A February 28, 2006 letter from the Grassy Narrows First Nation community demands that the chief executives of Weyerhaeuser (NYSE: WY) and Abitibi-Consolidated “immediately cease and desist from all logging and industrial resource extraction on our territory” without consent and asserts that decades of unsustainable logging has “poisoned our waters with mercury and other toxins, nearly eliminated our ability to practice our way of life, and robbed us of economic opportunities.”


On March 27, 2006 Amnesty International submitted a briefing to the UN Committee on Economic, Social, and Cultural Rights, which affirms the Canadian government’s “obligation to uphold the rights of indigenous people.” Amnesty criticizes Canadian officials for allowing logging to proceed in Grassy Narrows over the clear opposition of the community and in violation of Indigenous rights protected by Treaties and other international law.


The Royal Proclamation of 1763, Treaty #3, and the Canadian Constitution outline the rights of indigenous people to their traditional lands. An ongoing lawsuit between the members of Grassy Narrows First Nation, the Minister of Natural Resources and Abitibi-Consolidated claims that the community was not properly consulted or compensated by the company, and that Abitibi’s clear-cut practices are infringing on the ability of the people of Grassy Narrows to exercise their Treaty 3 right to hunt and trap on their traditional territory. The lawsuit, if successful, would revoke all current cutting rights on Grassy Narrows land north of the English river.


The people of Grassy Narrows First Nation have lived on 2,500 square miles of land north of Kenora, Ontario for thousands of years. Nearly 50% of the community still sustain themselves from the land by hunting, trapping, and gathering medicine and berries. The old-growth habitat provided by these areas also supports animal species like the pine martin and woodland caribou which are critical to the ecological integrity of the area.

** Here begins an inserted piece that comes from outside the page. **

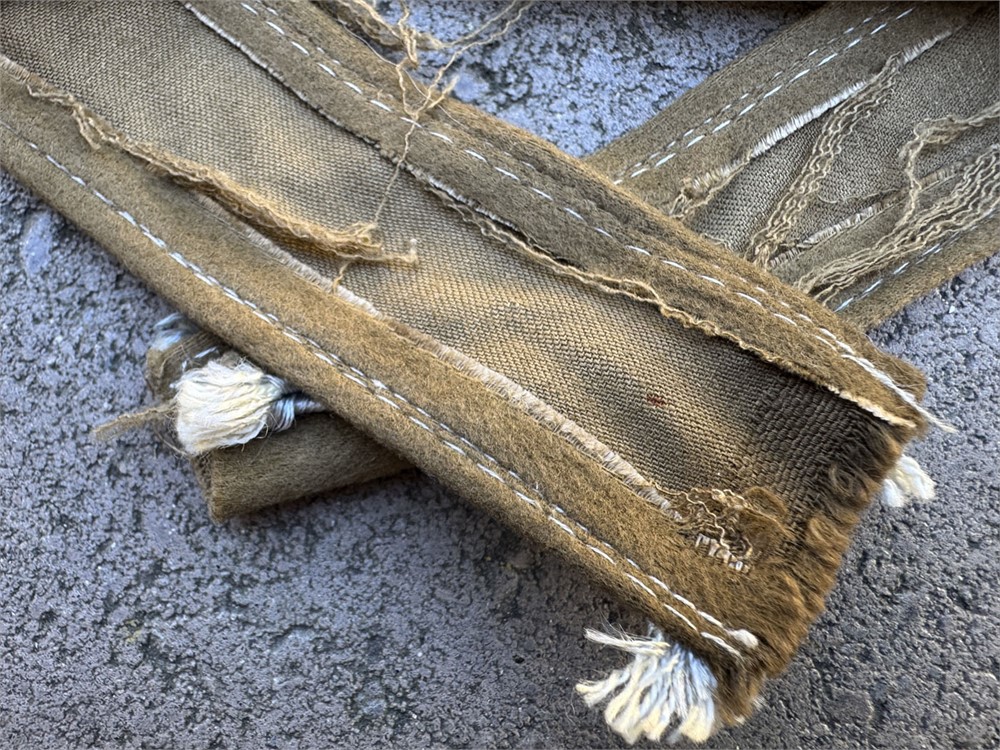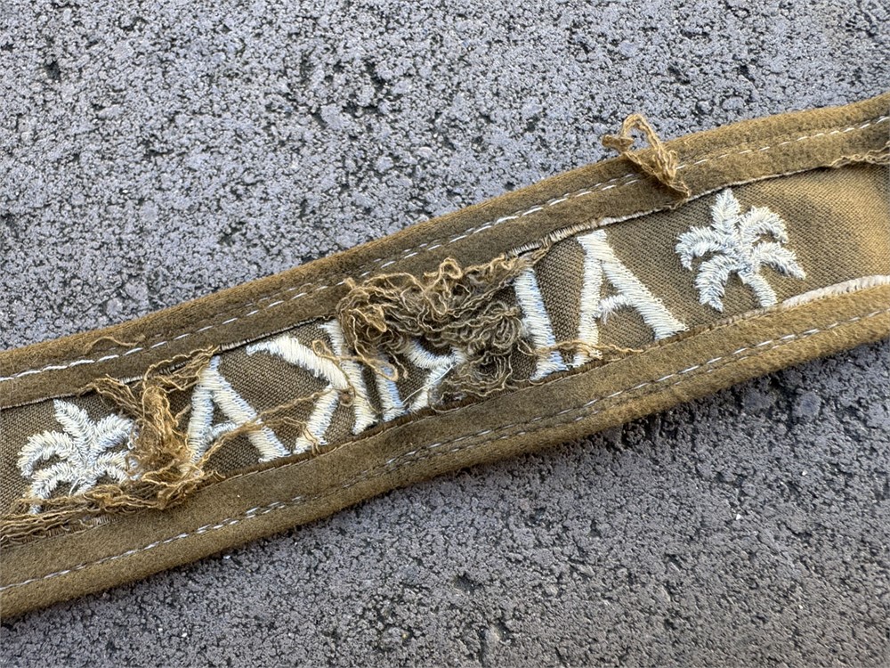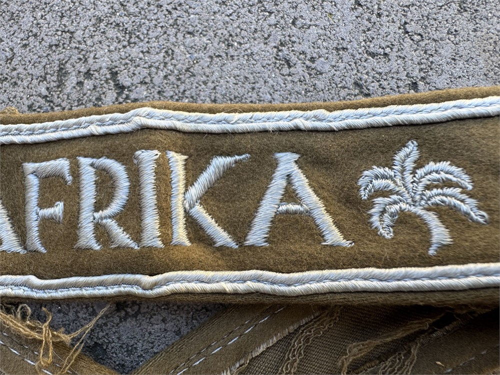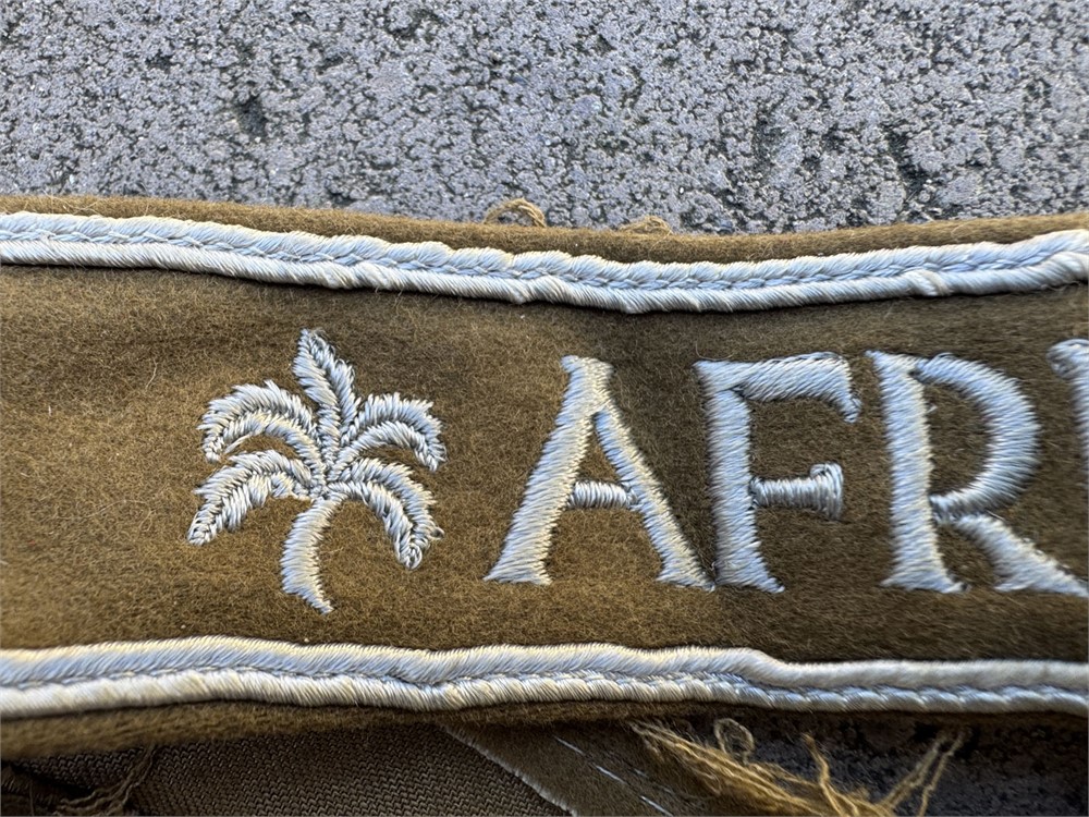 This is a World War II German Afrika Korps cuff title. It features the embroidered word "AFRIKA" flanked by palm tree motifs, stitched in white thread on a field-gray or brownish wool band with white piping along the edges. Worn by members of the Wehrmacht who took part in the North Africa campaign from 1941 to 1943, commanded by General Erwin Rommel. Fine quality full length specimen, textbook construction.

In the 1990s Weyerhaeuser fiber-supplier Abitibi dramatically increased logging rates in Grassy Narrows without the consent or proper consultation of the community- regularly clear-cutting huge tracts of land, spraying the land with herbicides and pesticides, and replanting with monoculture tree plantations.


Representatives from the Grassy Narrows community will be present at Weyerhaeuser’s annual shareholder meeting in Seattle on April 20 to raise these and other concerns.


“American Dream- Native Nightmare” outdoor ads, which began appearing Monday in Seattle, Montreal, and Toronto, highlight the link between “green” homes and environmental destruction and human rights violations on Grassy Narrows’territory began appearing on the streets of Seattle, Toronto, and Montreal on Monday.